22年世界ユース選手権バンタム級制覇などアマ7冠を誇るスーパールーキー坂井優太(19=大橋)がデビュー3連続KO勝利を飾った。タニャパット・シーハナン(27=タイ)との54・0キロ契約体重8回戦に臨み、1回1分51秒、KO勝ち。左ボディー一撃で仕留めた坂井は「1回ボディーを当てて『うっ』と声を出して効いていた。2回目のボディーで倒れてくれた。若干、体がかたかったが、雰囲気にも慣れて流れで倒せた」と振り返った。
プロ3戦目に向けたスパーリングからボディーでダウンを奪っていたとし「下からいくというのは作戦通り」と手応えを口にした。同門の4団体統一スーパーバンタム級王者井上尚弥(31)のスパーリング相手として来日中の元全米アマ王者ジャフェスリー・ラミド(米国)とも2度、スパーリング。トレーナーの父伸克さんと練ったラミドとのスパーリングの作戦とは違い、近距離で打ち合う場面を多くつくり「父に怒られてしまいました」と苦笑。それでも井上のスパーリング相手と堂々と拳を交え、自信もつかんだという。
デビュー戦は2回TKO、2戦目も2回TKOと3連続で対戦相手を沈めている。「5回以内にKOする」という予告通りの勝利に「たまたまです」と謙虚な姿勢を貫く。主戦場はバンタム級。次戦の相手について「(所属ジム)大橋(秀行)会長にお任せしています」と決められた試合で結果を残すことに集中していた。
坂井は、井上の愛称にあやかり「モンスター2世」と呼ばれる。24年3月のプロ転向会見で、大橋秀行会長(59)から「ドラフト1位」と大きな期待を寄せられた大器だ。日本男子3人目の世界ユース制覇を含むアマ7冠(高校6冠)、アマ47勝1敗と堂々たる実績を持つ。23年春まで大学進学、オリンピック(五輪)出場を目標に掲げていたが、当時、国際ボクシング連盟が国際オリンピック委員会に組織の管理体制を問われ、ボクシング競技の五輪開催も危ぶまれていた時期があり、進路を悩んでいた。

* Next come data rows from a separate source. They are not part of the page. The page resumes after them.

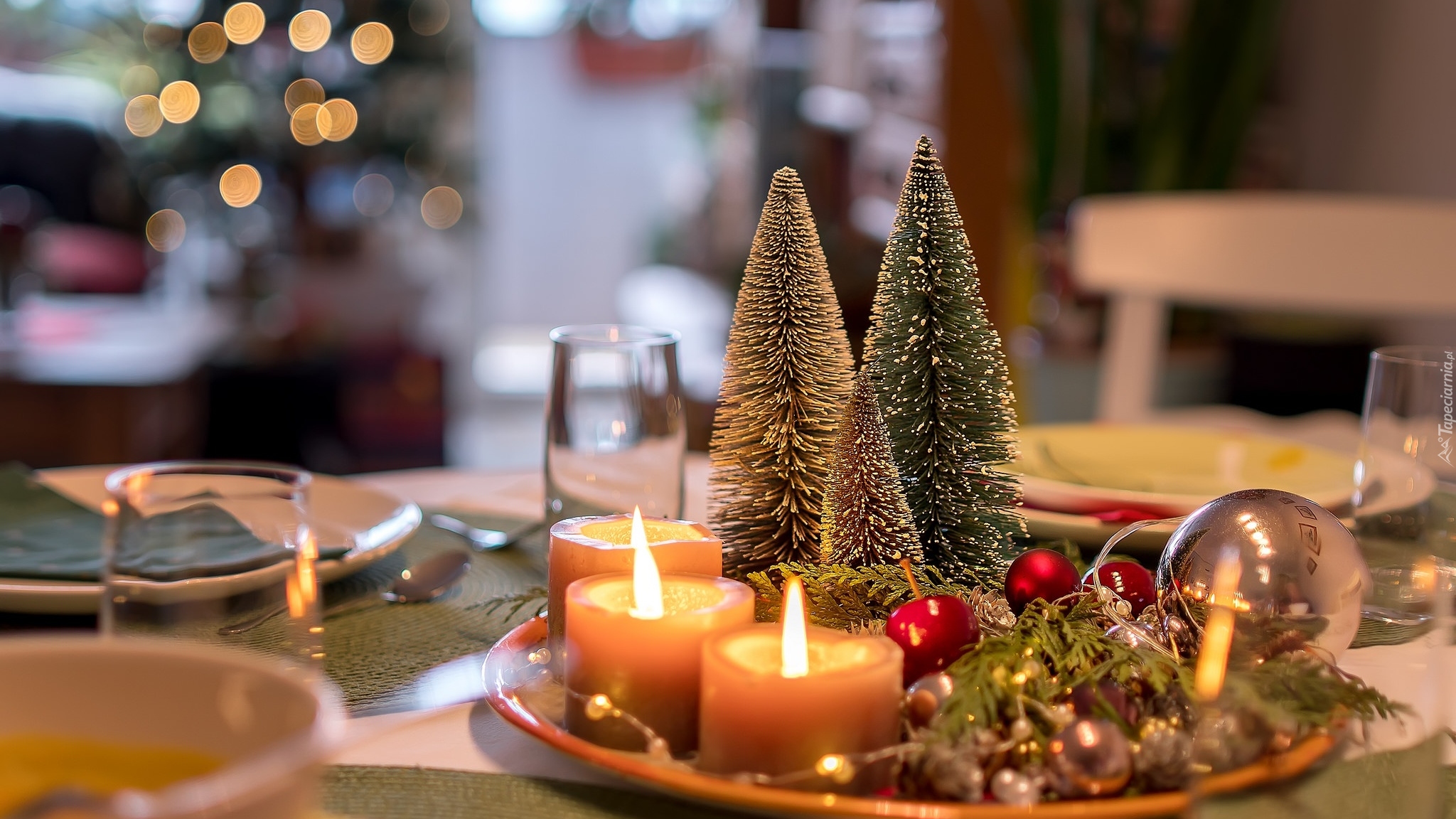 Edytor tapety: Miniaturowe choinki i świece w świątecznym stroiku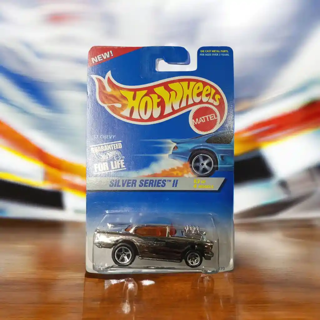 🚗 Juguete Carro Hot Wheels Original - #422 Silver Series II ‘57 Chevy HTF (Primeras Ediciones 1995) ✨🔥 Una pieza clásica, difícil de encontrar (HTF – Hard To Find) y muy valorada por coleccionistas de Hot Wheels, el legendario ‘57 Chevy en su elegante edición Silver Series II (1995) 🏁💨 🔹 Marca: Hot Wheels 🔹 Modelo: ‘57 Chevy 🔹 Número de Coleccionista: #422 🔹 Serie: Silver Series II ⚙️ 🔹 Año: 1995 🔹 Tipo: Primeras Ediciones 🏎️ 🔹 Detalles: Acabado plateado brillante ✨, rines cromados 🛞, diseño clásico de los años ’50 💫 y empaque original 🆕 Perfecto para coleccionistas exigentes, exhibición en vitrina o completar tu colección vintage de los 90s 🏆 💥 ¡‘57 Chevy Silver Series II #422 — elegancia, rareza y colección en una miniatura legendaria! 🩶🚀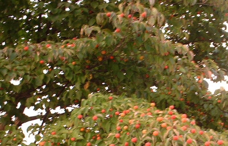 これもそのひとコマです。「やまぼうし」清楚な花で庭木としても人気があります。この様に結実すると壮観です。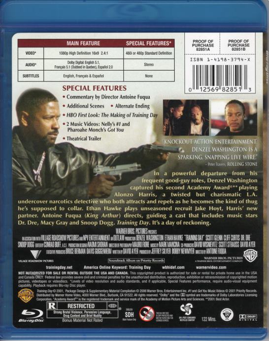 Training Day 2001 Blu-ray (Denzel Washington, Ethan Hawke)

その頃、大橋ジムから誘いを受け、昨年6月に1度、出げいこを経験。ジムワークしていた井上から「結局、自分の覚悟だよ」と進路決断へのアドバイスを受けた。約1週間、幼少から指導を受ける父伸克さんの意見にも耳を傾け、プロ転向を決めていた。
◆坂井優太(さかい・ゆうた)05年5月27日、兵庫・尼崎市生まれ。小学1年から社会人野球を経験していた父伸克さんの勧めで、親子二人三脚でボクシングを開始。西宮香風高でボクシング部に所属し、1、2年で総体、選抜を連続制覇。2、3年時に国体連覇して高校6冠を獲得。22年世界ユース選手権バンタム級で優勝した。アマ戦績は47勝1敗。身長173センチの左ボクサーファイター。